### [ASSIGNMENT]
Copy the entries that appear below in full, leaving out any picture among them.

[Items from a dataset]
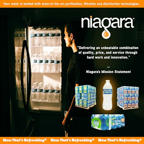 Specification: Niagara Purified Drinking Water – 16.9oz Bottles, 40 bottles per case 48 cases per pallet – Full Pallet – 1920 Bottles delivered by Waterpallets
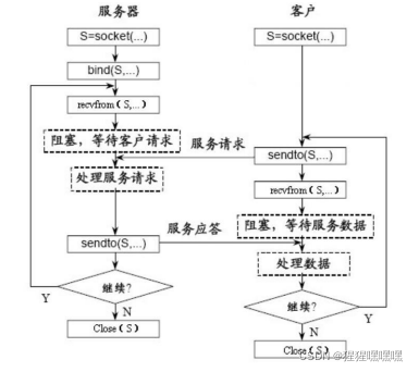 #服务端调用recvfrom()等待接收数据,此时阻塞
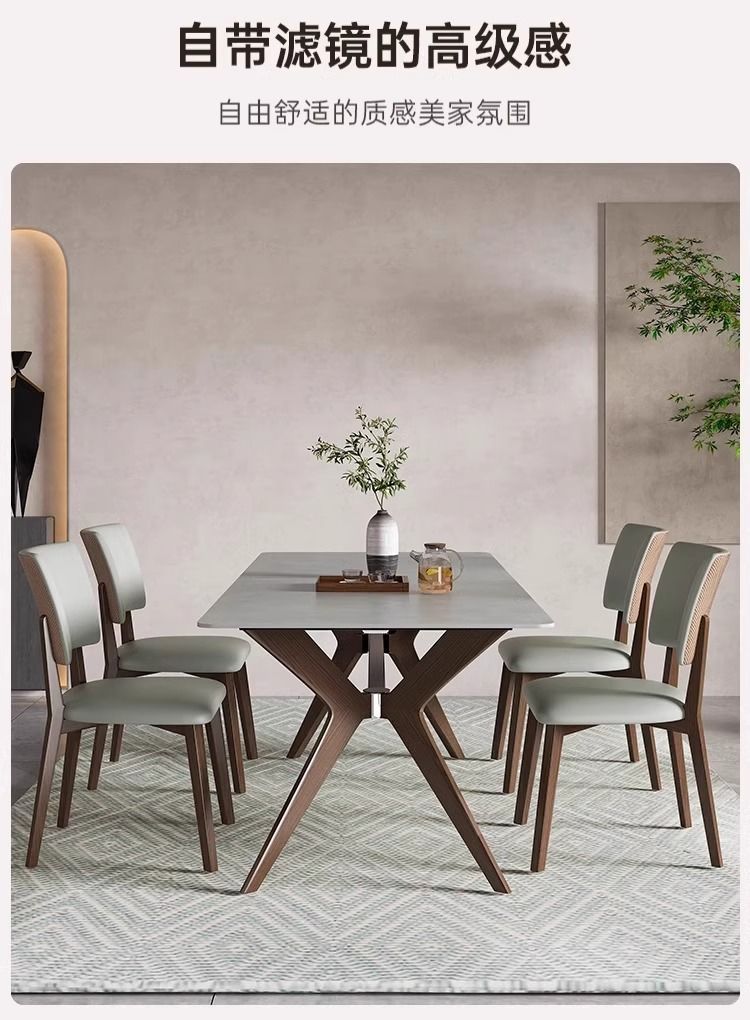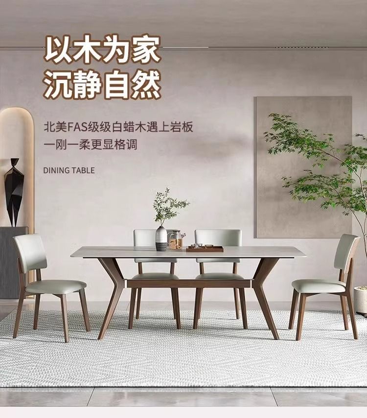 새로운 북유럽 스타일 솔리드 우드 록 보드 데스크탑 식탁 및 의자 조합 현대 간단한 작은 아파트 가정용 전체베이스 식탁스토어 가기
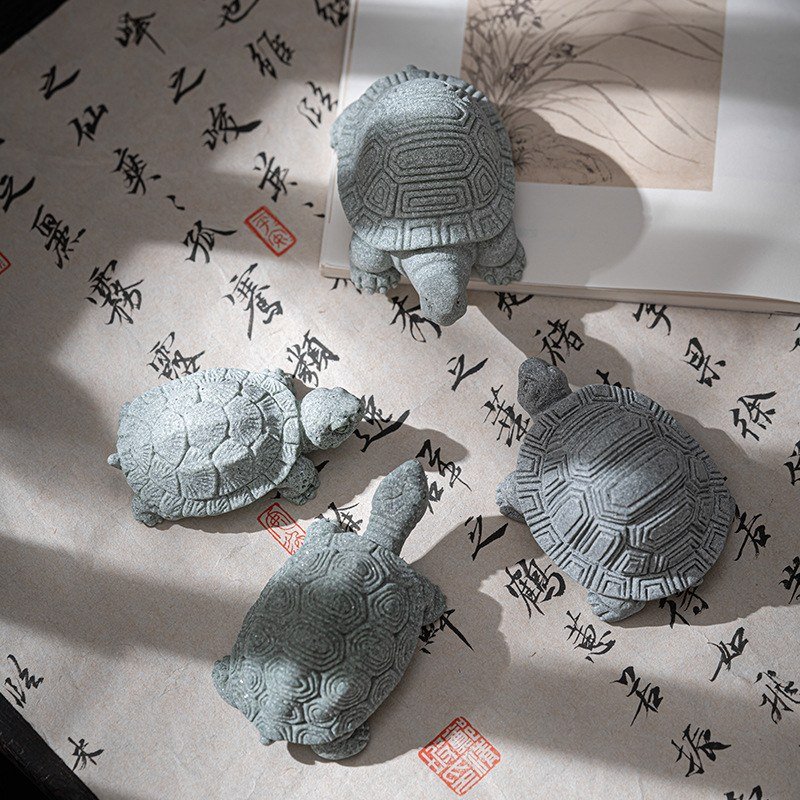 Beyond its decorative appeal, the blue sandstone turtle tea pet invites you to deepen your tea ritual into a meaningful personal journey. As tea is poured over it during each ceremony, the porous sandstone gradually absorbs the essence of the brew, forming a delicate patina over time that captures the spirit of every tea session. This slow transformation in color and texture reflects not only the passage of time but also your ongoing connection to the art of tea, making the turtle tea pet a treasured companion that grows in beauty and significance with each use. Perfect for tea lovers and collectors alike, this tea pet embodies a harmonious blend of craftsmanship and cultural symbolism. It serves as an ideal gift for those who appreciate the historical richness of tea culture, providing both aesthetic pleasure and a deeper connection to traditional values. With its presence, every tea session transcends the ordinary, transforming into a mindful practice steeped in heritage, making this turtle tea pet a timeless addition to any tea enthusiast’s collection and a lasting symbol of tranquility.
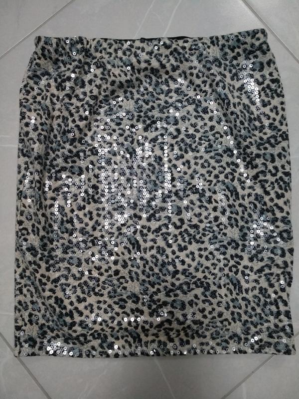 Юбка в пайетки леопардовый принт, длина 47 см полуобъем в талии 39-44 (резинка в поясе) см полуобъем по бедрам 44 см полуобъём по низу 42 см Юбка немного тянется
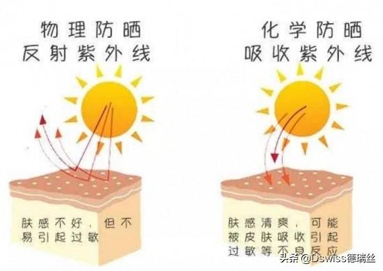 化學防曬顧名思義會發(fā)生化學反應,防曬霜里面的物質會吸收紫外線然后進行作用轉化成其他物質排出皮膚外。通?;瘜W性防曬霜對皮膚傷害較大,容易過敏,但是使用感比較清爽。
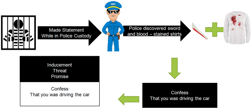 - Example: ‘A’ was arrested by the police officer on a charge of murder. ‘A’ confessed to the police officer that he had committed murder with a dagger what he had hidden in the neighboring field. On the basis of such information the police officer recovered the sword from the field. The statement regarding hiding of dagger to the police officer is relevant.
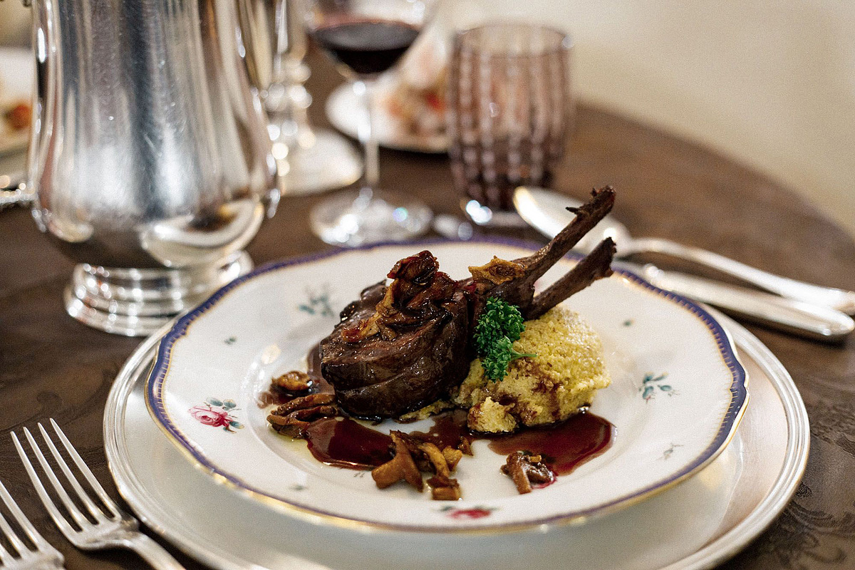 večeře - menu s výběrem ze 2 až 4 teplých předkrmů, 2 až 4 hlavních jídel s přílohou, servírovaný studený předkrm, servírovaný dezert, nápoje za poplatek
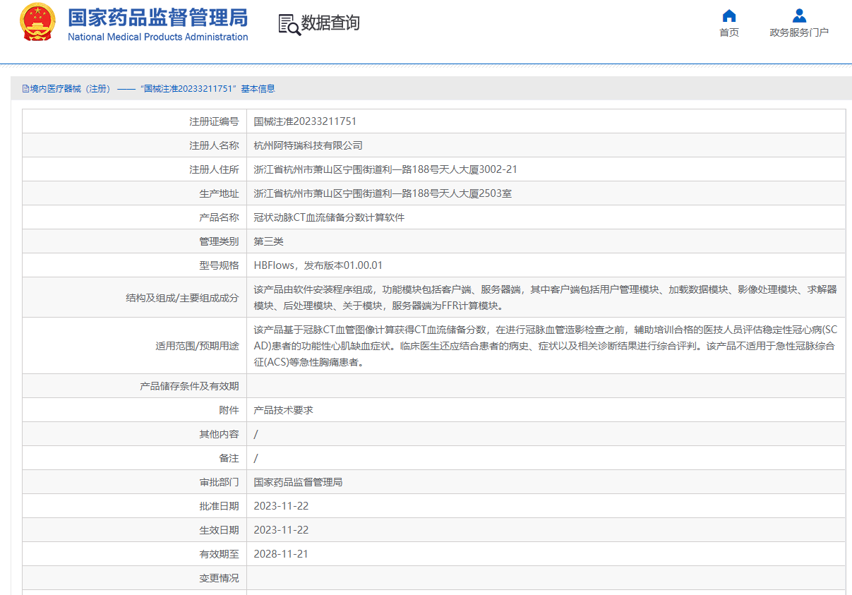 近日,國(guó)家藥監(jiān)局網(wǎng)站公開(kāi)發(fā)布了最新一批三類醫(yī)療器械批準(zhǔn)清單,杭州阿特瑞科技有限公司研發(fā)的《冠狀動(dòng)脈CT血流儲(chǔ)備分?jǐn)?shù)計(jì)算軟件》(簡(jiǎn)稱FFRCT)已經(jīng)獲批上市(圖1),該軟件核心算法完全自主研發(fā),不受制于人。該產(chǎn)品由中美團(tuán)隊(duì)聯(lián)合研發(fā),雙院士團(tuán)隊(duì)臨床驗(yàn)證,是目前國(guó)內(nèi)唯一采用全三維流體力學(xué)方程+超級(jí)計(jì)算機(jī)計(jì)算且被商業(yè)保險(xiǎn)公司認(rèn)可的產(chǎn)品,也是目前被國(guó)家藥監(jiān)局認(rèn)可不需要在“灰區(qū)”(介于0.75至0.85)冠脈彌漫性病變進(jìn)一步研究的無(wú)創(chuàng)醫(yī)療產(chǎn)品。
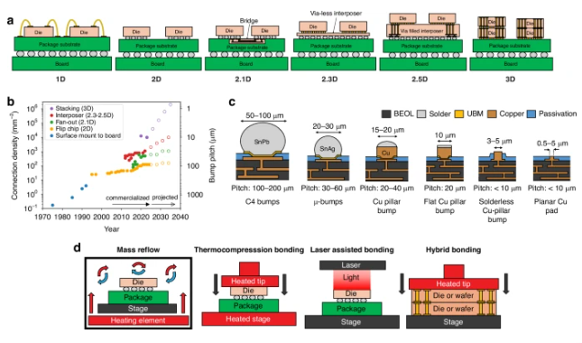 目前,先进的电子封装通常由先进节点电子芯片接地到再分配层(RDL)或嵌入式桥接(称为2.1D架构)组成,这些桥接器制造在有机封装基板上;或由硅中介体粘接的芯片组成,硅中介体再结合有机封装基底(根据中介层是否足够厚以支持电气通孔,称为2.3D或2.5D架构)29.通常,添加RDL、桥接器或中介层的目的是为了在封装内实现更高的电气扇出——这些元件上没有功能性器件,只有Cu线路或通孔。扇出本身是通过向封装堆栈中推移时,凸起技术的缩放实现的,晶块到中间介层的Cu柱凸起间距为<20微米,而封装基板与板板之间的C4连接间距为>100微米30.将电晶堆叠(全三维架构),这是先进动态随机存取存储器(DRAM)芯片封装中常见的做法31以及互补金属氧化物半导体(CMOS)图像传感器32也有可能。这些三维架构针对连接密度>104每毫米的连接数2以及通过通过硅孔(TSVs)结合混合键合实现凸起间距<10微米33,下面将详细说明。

### [SOLUTION FOR THIS TASK]
 Specification: Niagara Purified Drinking Water – 16.9oz Bottles, 40 bottles per case 48 cases per pallet – Full Pallet – 1920 Bottles delivered by Waterpallets
 #服务端调用recvfrom()等待接收数据,此时阻塞
 새로운 북유럽 스타일 솔리드 우드 록 보드 데스크탑 식탁 및 의자 조합 현대 간단한 작은 아파트 가정용 전체베이스 식탁스토어 가기
 Beyond its decorative appeal, the blue sandstone turtle tea pet invites you to deepen your tea ritual into a meaningful personal journey. As tea is poured over it during each ceremony, the porous sandstone gradually absorbs the essence of the brew, forming a delicate patina over time that captures the spirit of every tea session. This slow transformation in color and texture reflects not only the passage of time but also your ongoing connection to the art of tea, making the turtle tea pet a treasured companion that grows in beauty and significance with each use. Perfect for tea lovers and collectors alike, this tea pet embodies a harmonious blend of craftsmanship and cultural symbolism. It serves as an ideal gift for those who appreciate the historical richness of tea culture, providing both aesthetic pleasure and a deeper connection to traditional values. With its presence, every tea session transcends the ordinary, transforming into a mindful practice steeped in heritage, making this turtle tea pet a timeless addition to any tea enthusiast’s collection and a lasting symbol of tranquility.
 Юбка в пайетки леопардовый принт, длина 47 см полуобъем в талии 39-44 (резинка в поясе) см полуобъем по бедрам 44 см полуобъём по низу 42 см Юбка немного тянется
 化學防曬顧名思義會發(fā)生化學反應,防曬霜里面的物質會吸收紫外線然后進行作用轉化成其他物質排出皮膚外。通?;瘜W性防曬霜對皮膚傷害較大,容易過敏,但是使用感比較清爽。
 - Example: ‘A’ was arrested by the police officer on a charge of murder. ‘A’ confessed to the police officer that he had committed murder with a dagger what he had hidden in the neighboring field. On the basis of such information the police officer recovered the sword from the field. The statement regarding hiding of dagger to the police officer is relevant.
 večeře - menu s výběrem ze 2 až 4 teplých předkrmů, 2 až 4 hlavních jídel s přílohou, servírovaný studený předkrm, servírovaný dezert, nápoje za poplatek
 近日,國(guó)家藥監(jiān)局網(wǎng)站公開(kāi)發(fā)布了最新一批三類醫(yī)療器械批準(zhǔn)清單,杭州阿特瑞科技有限公司研發(fā)的《冠狀動(dòng)脈CT血流儲(chǔ)備分?jǐn)?shù)計(jì)算軟件》(簡(jiǎn)稱FFRCT)已經(jīng)獲批上市(圖1),該軟件核心算法完全自主研發(fā),不受制于人。該產(chǎn)品由中美團(tuán)隊(duì)聯(lián)合研發(fā),雙院士團(tuán)隊(duì)臨床驗(yàn)證,是目前國(guó)內(nèi)唯一采用全三維流體力學(xué)方程+超級(jí)計(jì)算機(jī)計(jì)算且被商業(yè)保險(xiǎn)公司認(rèn)可的產(chǎn)品,也是目前被國(guó)家藥監(jiān)局認(rèn)可不需要在“灰區(qū)”(介于0.75至0.85)冠脈彌漫性病變進(jìn)一步研究的無(wú)創(chuàng)醫(yī)療產(chǎn)品。
 目前,先进的电子封装通常由先进节点电子芯片接地到再分配层(RDL)或嵌入式桥接(称为2.1D架构)组成,这些桥接器制造在有机封装基板上;或由硅中介体粘接的芯片组成,硅中介体再结合有机封装基底(根据中介层是否足够厚以支持电气通孔,称为2.3D或2.5D架构)29.通常,添加RDL、桥接器或中介层的目的是为了在封装内实现更高的电气扇出——这些元件上没有功能性器件,只有Cu线路或通孔。扇出本身是通过向封装堆栈中推移时,凸起技术的缩放实现的,晶块到中间介层的Cu柱凸起间距为<20微米,而封装基板与板板之间的C4连接间距为>100微米30.将电晶堆叠(全三维架构),这是先进动态随机存取存储器(DRAM)芯片封装中常见的做法31以及互补金属氧化物半导体(CMOS)图像传感器32也有可能。这些三维架构针对连接密度>104每毫米的连接数2以及通过通过硅孔(TSVs)结合混合键合实现凸起间距<10微米33,下面将详细说明。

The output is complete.